Neighbourhood of Piaseczno, Poland

Zalesie Dolne is a neighbourhood of Piaseczno, Poland, located in the southern part of the town, in the Warsaw metropolitan area.

==History==
Zalesie Dolne was established by merging the three settlements of Zalesie Adamowe, Miasto Las Zalesie and Miasto Ogród Zalesie. It was named Zalesie Dolne ("Lower Zalesie") to distinguish it from the nearby village of Zalesie Górne ("Upper Zalesie"). It was developed as a garden city. Writer Maria Dąbrowska and future Primate of Poland Stefan Wyszyński often visited their families there.

Following the joint German-Soviet invasion of Poland, which started World War II in September 1939, Zalesie Dolne was occupied by Germany. The Polish resistance was active, and secret Polish education was organized. Meetings of the Education Department of the Government Delegation for Poland were held in Zalesie Dolne. The Grey Ranks command held meetings at the villa of professor Józef Zawadzki and his son Tadeusz Zawadzki nom de guerre Zośka. In August 1944, the Germans perpetrated a massacre of ten Poles from nearby Orężna in Zalesie Dolne (see Nazi crimes against the Polish nation). Several days later, Polish partisans attacked and shot at the stationed German perpetrators in Zalesie Dolne. The Germans retreated in panic.

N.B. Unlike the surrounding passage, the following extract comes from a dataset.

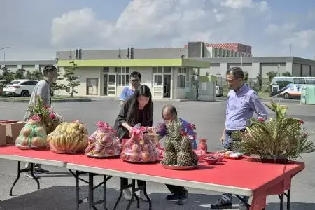 أقامت شركة HTG اليوم طقوسًا مميزة لشكر الأرض، تعبيرًا عن تقديرها وامتنانها لنجاح إنجاز المرحلة الثانية من مشروع مصنع شيانشي ومشروع بناء مصنع لونوي. وقد حضر رئيس مجلس الإدارة، ريتر تساي، وفريق الإدارة، والضيوف الكرام هذه المناسبة المهمة.
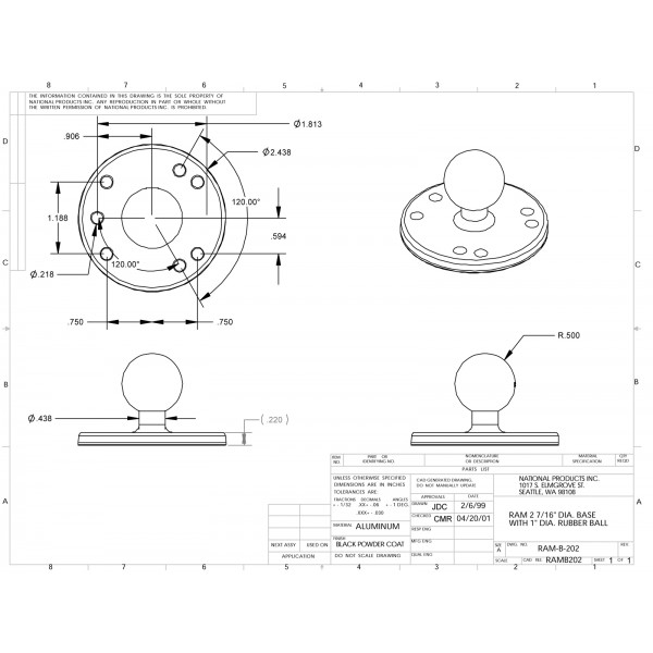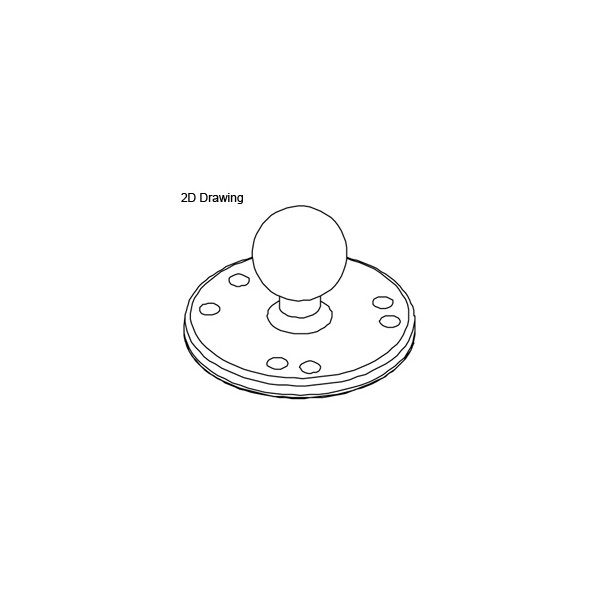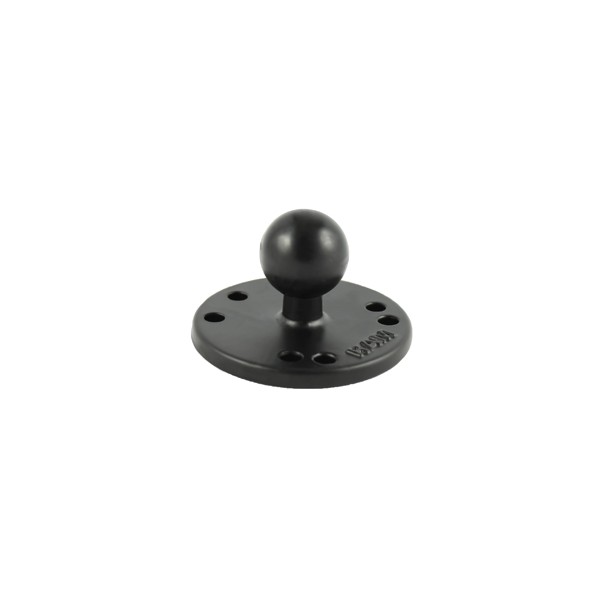 The RAM-B-202U consists of a 1" diameter rubber ball connected to a flat 2.5" diameter base. This mount has pre-drilled holes, including the universal AMPS hole pattern.

It was included within the town limits of Piaseczno as its new neighbourhood in 1952.

==Sights==
Sights include numerous historic villas, including the house of Tadeusz Zawadzki nom de guerre Zośka, a focal point of the Polish resistance movement in World War II, and the House-Museum of Georgian Officers of the Polish Army (Dom Muzeum Gruzińskich Oficerów Wojska Polskiego).

==Notable people==
- Józef Zawadzki (1886–1951), physical chemist and technologist
- Witold Doroszewski (1899–1976), lexicographer and linguist
- Anna Zawadzka (1919–2004), teacher, author of textbooks, scoutmaster and member of the Polish resistance movement in World War II
- Tadeusz Zawadzki (1921–1943), scout instructor, scoutmaster and member of the Polish resistance movement in World War II

==Bibliography==
- Cubała, Agnieszka (2019). "Piaseczno '44. Miasto i ludzie"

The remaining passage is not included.